Back in August of 1965, college leaders were planning for an expected student enrollment of 250 to 275 students by starting construction of a new classroom and office building, as well as a student center and library facility.  Today, Rochester College has an enrollment well over 1,000 students and offers bachelor's and master's degree programs.

Wednesday, July 1, 2015

This Month in Rochester History

An important community institution was born fifty years ago this month.  On July 11, 1965, a group of 400 people assembled on some pasture land recently owned by Howard L. McGregor, Jr.  The property was just west of St. John Lutheran School, and the crowd watched as Ormond S. Wessels pushed a shovel into the ground to mark the beginning of construction for Crittenton Hospital.
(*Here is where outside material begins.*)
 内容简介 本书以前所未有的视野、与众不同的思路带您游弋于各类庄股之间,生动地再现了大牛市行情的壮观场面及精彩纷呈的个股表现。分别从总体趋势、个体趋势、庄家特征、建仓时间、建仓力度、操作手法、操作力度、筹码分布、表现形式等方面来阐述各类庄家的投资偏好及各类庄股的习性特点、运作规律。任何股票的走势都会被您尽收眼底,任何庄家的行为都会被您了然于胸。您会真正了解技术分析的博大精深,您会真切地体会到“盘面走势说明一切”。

Two years later, Rochester's first full-service general hospital would open its doors to patients.  Before that day, the community had been served by small hospitals or clinics such as Avon Center and Woodruff-Geiger; residents had been accustomed to traveling to Pontiac, Mount Clemens or Detroit for anything the local clinics couldn't handle. Building a fully-equipped hospital and emergency room was a huge step forward for the community and its health care needs.
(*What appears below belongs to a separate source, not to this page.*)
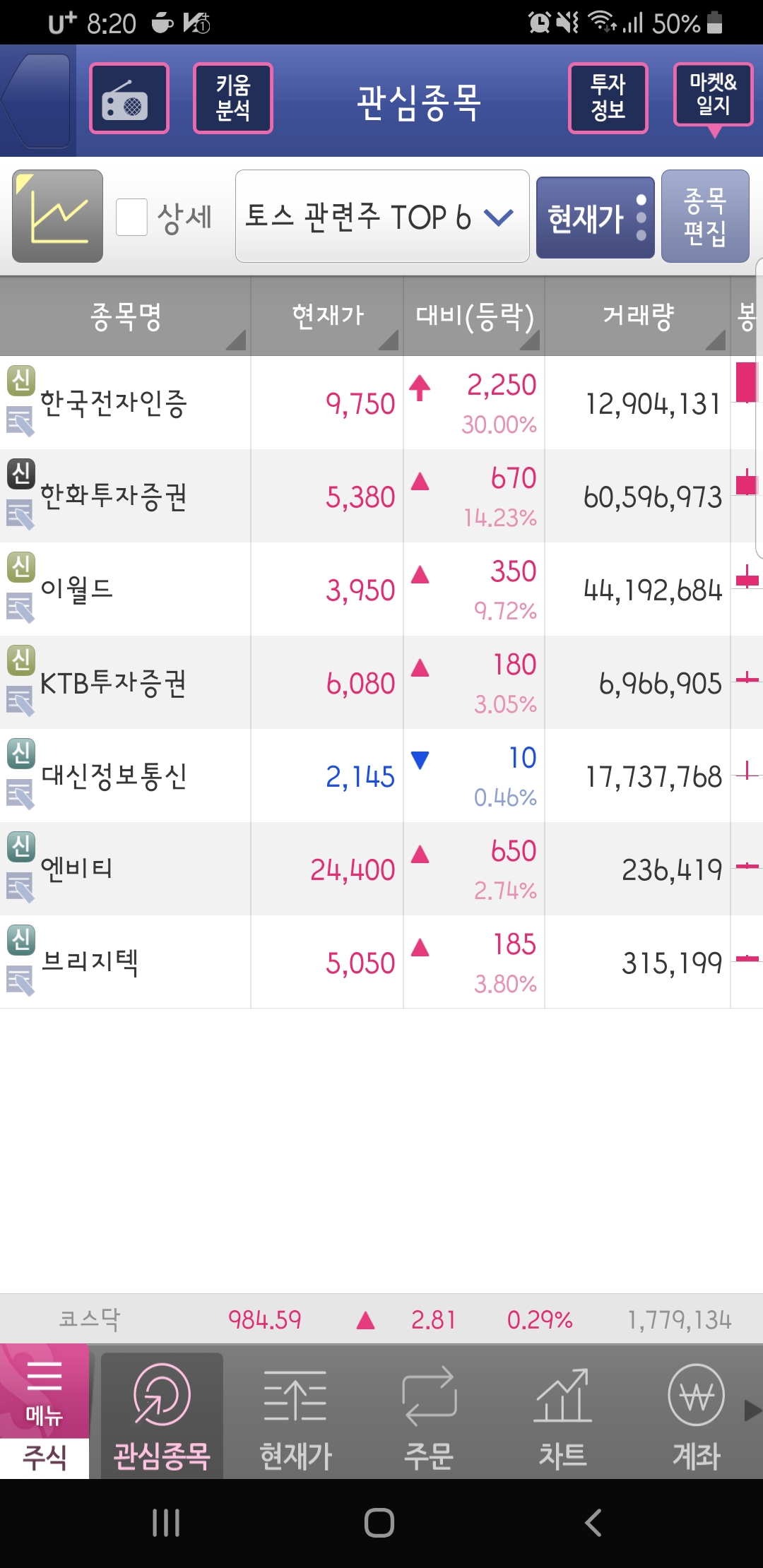 토스 관련주 ▼토스 관련주 TOP 6

View Crittenton Hospital Medical Center's video, above, to see how the facility and campus have grown and changed since 1965.

Monday, June 15, 2015

Parallel Lives: The Hamlins and the Woodwards - Now Online

If you missed the Rochester Avon Historical Society's February program on the lives of the Hamlin and Woodward families, here's some good news!  The program, entitled Parallel Lives: the Hamlins and the Woodwards, is now available online in its entirety on the RAHS Youtube channel.  If you're interested in the stories of two of Rochester's prominent pioneer families, take a look at this program.

Monday, June 1, 2015

This Month in Rochester History

Fifty years ago this month, Rochester residents learned that they would soon be saying goodbye to a treasured local business that had been a Main Street fixture for 65 years.  The owners of Burr's Hardware announced that they were selling out and retiring, ending their long run as hardware merchants that had started in 1899.

In that year, a young Macomb County entrepreneur named George Burr had established a hardware and farm implement store on Main Street.  His store was located for several years on the east side of Main, in the former Joseph Reimer building at 418 S. Main.  Having outgrown that location after his first decade in business, he built a brand new brick block across the street at 429 S. Main  and moved his store there in late 1914.

In 1922, George Burr retired from the business he had founded and passed the management of the store to his daughter, Neva, and her husband, Ward Crissman.  Burr died in 1934 and Ward Crissman died suddenly in 1935; at that time, Neva Crissman brought her own daughter, Arlene, and son-in-law Leon Robertson into the business, and they continued to manage it until they decided to close the hardware store and sell the building in June 1965.

Green's Artist Supply opened at 429 S. Main in late summer 1965, and celebrates its 50th anniversary in that location this year.